# Looks like its going to be a gas !



## turbofrank (Feb 18, 2011)

Hello,
                  Well after quite some time of reading and searching , I was leaning towards a pellet stove insert, but recently changed my mind towards  on a propane gas stove. I currently have a fireplace, used it last winter, doesnt heat the house much,, wife hates it due to the smell and smoke (that what she says ) The fireplace is in my basement (family room) approx 350 sq. feet, but would like to heat the main floor ( 2 story home). I was at a local stove store and the sales men said to stay away from propane if i'm planning on doing some serious heating and saving on my electric bills ( he sells propane/wood/pellet). After numerous conversations with co-workers and neighbors,,, propane is the simplest, easiest way to go. I recently stayed up north at a hotel which had propane fireplace,,, what a charm and beauty,, I was sold on a propane stove. 
                  Now , I want to go with a insert , seeing as the hole for my fireplace is already there. I don't want to cheap out , and end up regreting it later on, so I want a good quality stove. The are numerous make and models out there , but would like to see what people here are using and their feedback. So any suggestions and comments ??? The more the better 
                  Thanks !


----------



## DAKSY (Feb 18, 2011)

You don't say what the (5) pertinent dimensions of your fireplace are:
H & W Front; H & W Rear & Depth...
So it's difficult to suggest anything.
In my 10+ years with these products, there are few that are as reliable 
& can crank out the heat like the ones made in your homeland by Regency...
There are some nicer units & some with more bells and whistles, but the 
Regency gas inserts are built very well, & relatively easy to install & service...
That being said, Heat & Glo had some great Fire Brick units that they redesigned 
with poor results. They're working out the kinks & if they do, they MAY be
as good as the older, standing piloted units.
Jotul has done some redesign for the upcoming year, but I haven't seen the 
new GI 450 yet, so I can't speak to that one.
Hearthstone has a couple of gas inserts, but like the redesigned HnGs, they're
finicky & difficult to service...
They are others out the that those more familiar with will hafta chime in on...
The above opinions are my own & others may disagree with what I said, but 
I'm stickin to them...


----------



## Fsappo (Feb 18, 2011)

Great job going with propane.  You'll be glad you did.  As a Regency dealer, I can agree with Bob and say that they are a pleasure to work with.


----------



## turbofrank (Feb 19, 2011)

as for the dimensions,,, width 28, height 21 1/2 , depth 28 .


----------



## turbofrank (Feb 19, 2011)

also, price wise, what am im looking at for one of these installed and everything.. ? Lets say a regency model gas insert medium size ....


----------



## Install fire 1 (Feb 19, 2011)

I'm in canada and also agree that they are great heaters and a joy to install.

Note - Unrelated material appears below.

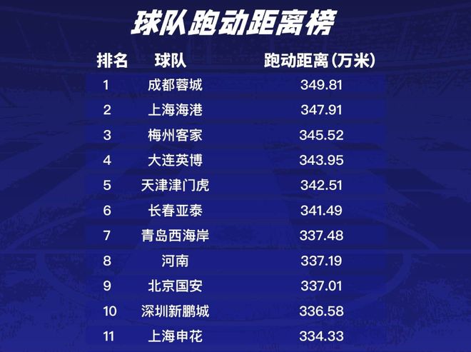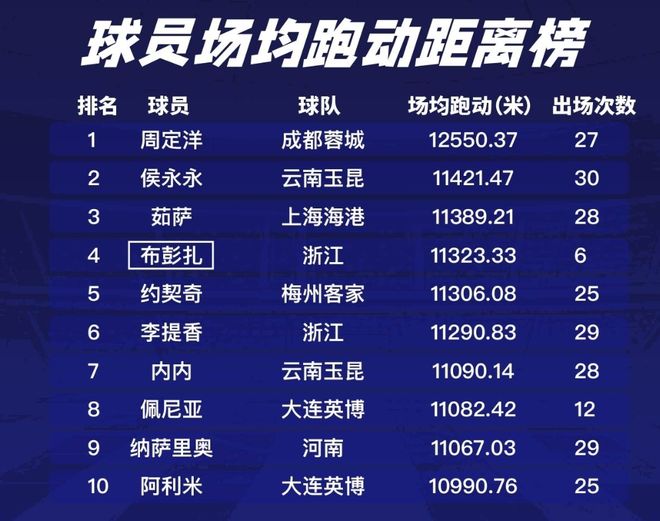 这个数据其实就是来自周定洋奠定的优势,他是上赛季中超场均跑动唯一一名超过12500米的球员,比第二名场均多跑超过1000米
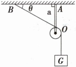 如图所示,在水平天花板的 A 点处固定一根轻杆 a,杆与天花板保持垂直。杆的下端有一个轻滑轮。另一根细线上端固定在该天花板的 B 点处,细线跨过滑轮,下端系一个重为 G 的物体,BO 段细线与天花板的夹角为 $ \theta = 30^{\circ} $。系统保持静止,不计一切摩擦。下列说法中正确的是( )

I put in a 150 or so  regency's a year.

I find a plain jane black U32 (medium), installed to be around 3500 bucks with the tax.

HST really added to the price as the dealers paid pst before.

Worked on a 21 year old regency insert a few weeks ago, looked absolutly mint.

Great reliability.


----------



## turbofrank (Feb 19, 2011)

thanks for the info,, looked at the regency,, they have some pretty nice units . Also , , what is the difference between , direct vent and single vent,, if thats what its called ???


----------



## DAKSY (Feb 19, 2011)

Never heard of "single-vent" unless you're referring to "B-Vent."
B-vent is natural draft & uses combustion air from INSIDE your home.
Wind directions & outside air temperatures can affect B-vent appliances...
Direct Vent uses Combustion air from OUTSIDE your home & is less
prone to drafting issue in windy conditions or warmer outside temperatures...


----------



## Fsappo (Feb 19, 2011)

Go direct vent instead of Bvent.  Installed for a U32 would be about $3500 here in Central NY as well, including a liner kit, direct wiring the fan and about 20' of gas line.  Regency does have a sale until the end of the month.


----------



## Install fire 1 (Feb 20, 2011)

Depending on the unit you pick, you can get 150, 300 or 600 off until Feb 22.

Go direct vent, much safer as it is sealed from your home, ie: uses outside air for combustion, and won't leak flue gases back into your home. 

The b-vent U31 has a vent safety, but has much more wiring that can be troublesome down the road as it is wired through the on-off switch circuit to the back side of the insert where the draft hood is. (where liner connects).


Good luck.


----------



## turbofrank (Feb 20, 2011)

The u32 insert from regency is something that i would like . I didn't find the sq ft room recommended,,, anyone have a idea ? Also, will a unit like this help out at all in heating the main floor during those cold winter days ? 
I would rather go with a unit and product that has good reviews and feedback and simple , than one of those fancy high tech units.


----------



## turbofrank (Feb 20, 2011)

I was reading on Napoleon Gas stoves......... they have a nice selection , and great efficiency....  the GDI30 is rated at 85%  One of the highest ratings I've seen so far. Any feedbacks  on this manufacturer ?


----------



## DAKSY (Feb 20, 2011)

turbofrank said:
			
		

> The u32 insert from regency is something that i would like . I didn't find the sq ft room recommended,,, anyone have a idea ? Also, will a unit like this help out at all in heating the main floor during those cold winter days ?
> I would rather go with a unit and product that has good reviews and feedback and simple , than one of those fancy high tech units.



The U32 is rated at 32K BTU INPUT & 77% efficiency, so the 
heat OUTPUT will 24.6K BTU. How much area it will heat depends 
upon a number of factors, including insulation. 
In Quebec with R21 walls & R38 ceilings & good windows,
you can heat maybe 750 - 800sf. 
If you have a leaky old farmhouse, maybe 550 - 600sf.
HTH


----------